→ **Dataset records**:
- - -

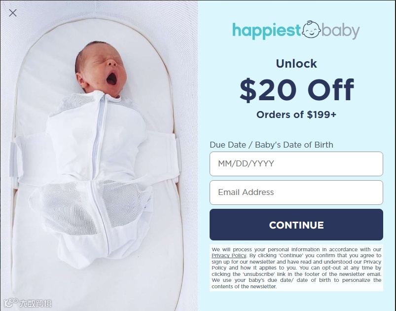 Happiest Baby通过让用户输入宝宝出生日期或预产期,来推送定制内容和阶段建议,并提供即时购物折扣。这既能提升首单转化率,同时也能降低消费者对订阅信息的抵触情绪。而“你刚好需要,我刚好懂”的触达方式,也更容易激发情感共鸣与购买冲动。
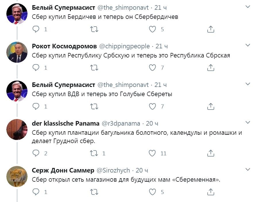 Особенно много насмешек вызвала идея включать название «Сбера» в наименования всех внутренних сервисов. Блогеры немедленно начали соревноваться с остроумии и переименовали Берингов пролив в «Сберингов», а Джастина Бибера в «Джастина Сбербера».
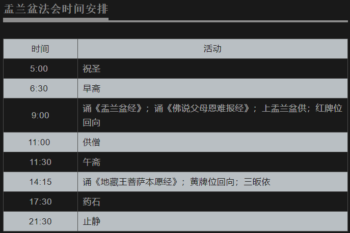 2023年8月30日(农历七月十五)是盂兰盆节,又是佛欢喜日和自恣日,佛教徒的孝亲节。每逢此日,僧俗四众、善男信女向十方僧众陈设供养,凭借供佛供僧普度的功德力,加被我们累世父母脱离苦难获得安乐,回向现世父母身体健康、延年益寿。为圆满广大信众孝亲度亡之愿,北京天开寺于8月30日启建盂兰盆法会。
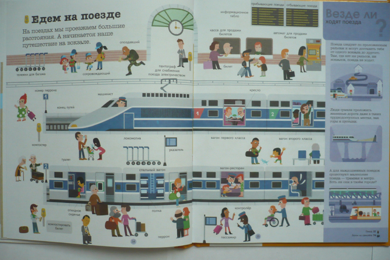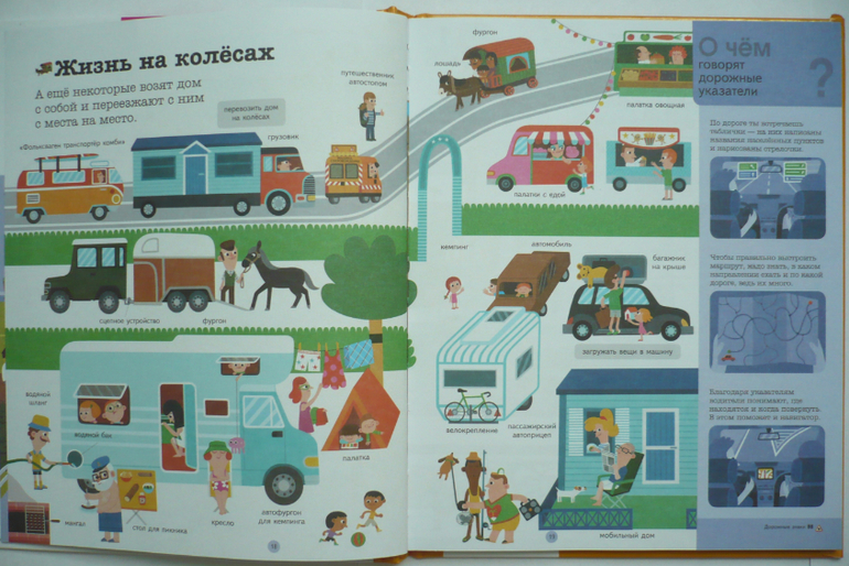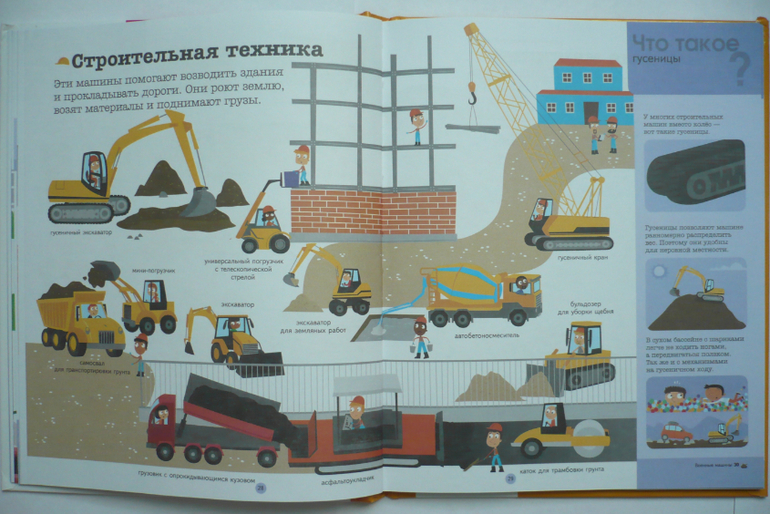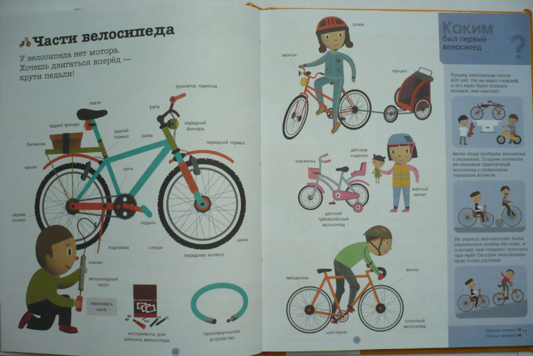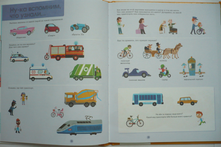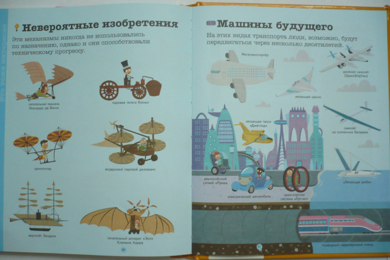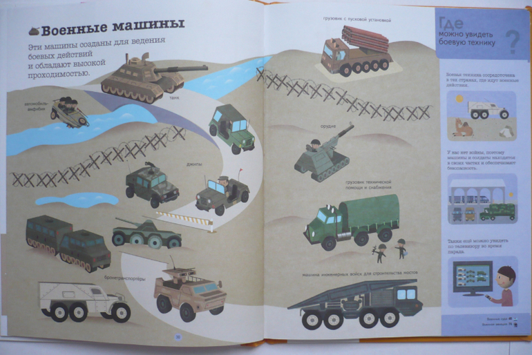 В книге три раздела: на земле, на воде, в воздухе. Весь транспорт разбит по категориям и для каждой категории целый разворот (например, военная, строительная техника, моторные, рыболовные суда и др.). В книге рассказано об устройстве разной техники (части автомобиля, велосипеда, самолета и др.). Здесь собрана интересная информация (например, что такое гусеницы, как летает самолет, зачем нужен винт и мн. др.). Каждый раздел книги заканчивается вопросами по теме. Один разворот посвящен дорожным знакам. В конце есть алфавитный указатель.
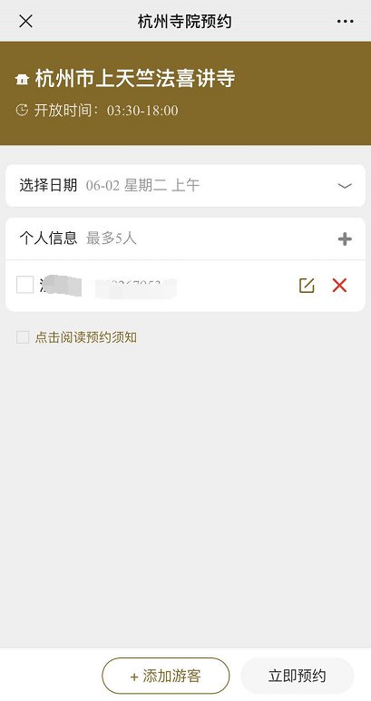通过“杭州寺院参观预约平台”微信公众号进行预约。
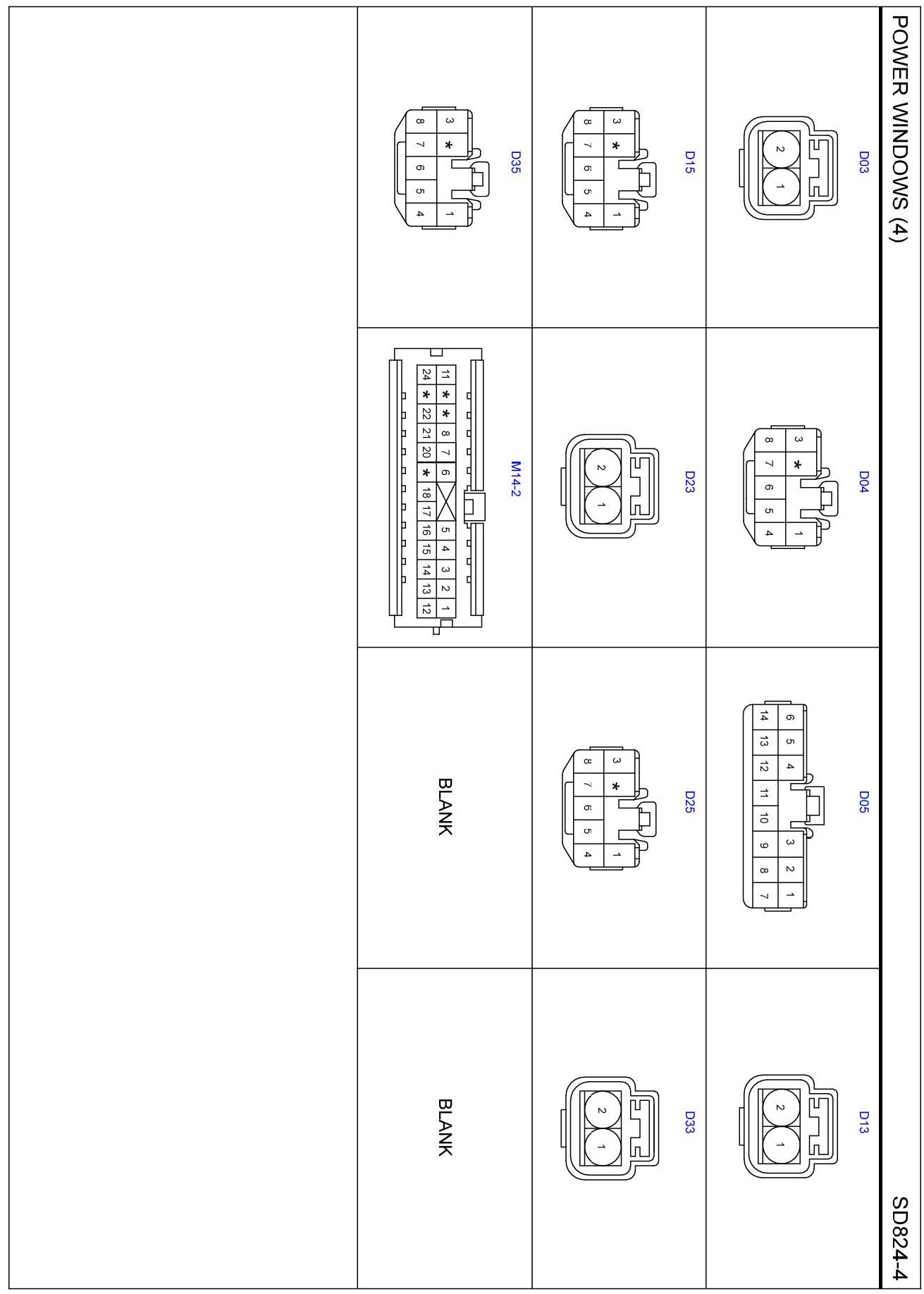 Power Windows (4) Connector Pin Outs:

- - -

→ **Work to complete**: Exclude the pictures, then write out every record exactly as it stands.

→ **Task output**:
 Happiest Baby通过让用户输入宝宝出生日期或预产期,来推送定制内容和阶段建议,并提供即时购物折扣。这既能提升首单转化率,同时也能降低消费者对订阅信息的抵触情绪。而“你刚好需要,我刚好懂”的触达方式,也更容易激发情感共鸣与购买冲动。
 Особенно много насмешек вызвала идея включать название «Сбера» в наименования всех внутренних сервисов. Блогеры немедленно начали соревноваться с остроумии и переименовали Берингов пролив в «Сберингов», а Джастина Бибера в «Джастина Сбербера».
 2023年8月30日(农历七月十五)是盂兰盆节,又是佛欢喜日和自恣日,佛教徒的孝亲节。每逢此日,僧俗四众、善男信女向十方僧众陈设供养,凭借供佛供僧普度的功德力,加被我们累世父母脱离苦难获得安乐,回向现世父母身体健康、延年益寿。为圆满广大信众孝亲度亡之愿,北京天开寺于8月30日启建盂兰盆法会。
 В книге три раздела: на земле, на воде, в воздухе. Весь транспорт разбит по категориям и для каждой категории целый разворот (например, военная, строительная техника, моторные, рыболовные суда и др.). В книге рассказано об устройстве разной техники (части автомобиля, велосипеда, самолета и др.). Здесь собрана интересная информация (например, что такое гусеницы, как летает самолет, зачем нужен винт и мн. др.). Каждый раздел книги заканчивается вопросами по теме. Один разворот посвящен дорожным знакам. В конце есть алфавитный указатель.
通过“杭州寺院参观预约平台”微信公众号进行预约。
 Power Windows (4) Connector Pin Outs:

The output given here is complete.